English Literature
Course summary
In the first year pupils will study Component 2: Comparative and Contextual Study, where the focus is on a literary genre: The Immigrant Experience, American Literature (prose) 1880-1940 or Dystopia, for example. There is a requirement to study an exam text: Small Island by Andrea Levy and The Reluctant Fundamentalist by Mohsin Hamid being two recent choices, as well as reading widely around the topic area. A willingness to embrace literary criticism, to consider the contexts in which a work has been written and received, and an awareness of film and stage adaptations is essential. Towards the end of the year pupils begin to plan their coursework tasks, submitting titles to the exam board for approval at the end of the spring term. The coursework folder has a 3000 word limit, excluding titles, quotations, footnotes and bibliography, and should include comparison of a drama, a prose and a poetry text.

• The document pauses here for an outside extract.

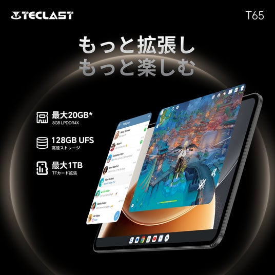Teclast 13.4インチ大画面タブレット「T65」登場!4日間限定¥20,900円の初回キャンペーン開催中!120Hzディスプレイ|20+128GB|8000mAh大容量|GPS対応

The texts should all have been published and performed in 1900, or later, and one of the three must have been first published or performed after 2000. In the second year pupils study Component 1: Drama and Poetry pre-1900, comprising one Shakespeare text, with a range of choice from ‘Coriolanus’ to ‘Twelfth Night’, as well as one other pre-1900 drama text, The Duchess of Malfi or An Ideal Husband, for example, and some poetry, possibly, Chaucer’s The Merchant’s Prologue and Tale, Coleridge’s Selected Poems or Tennyson’s Maud. All texts mentioned above are on the syllabus but all choices are subject to individual teacher choice.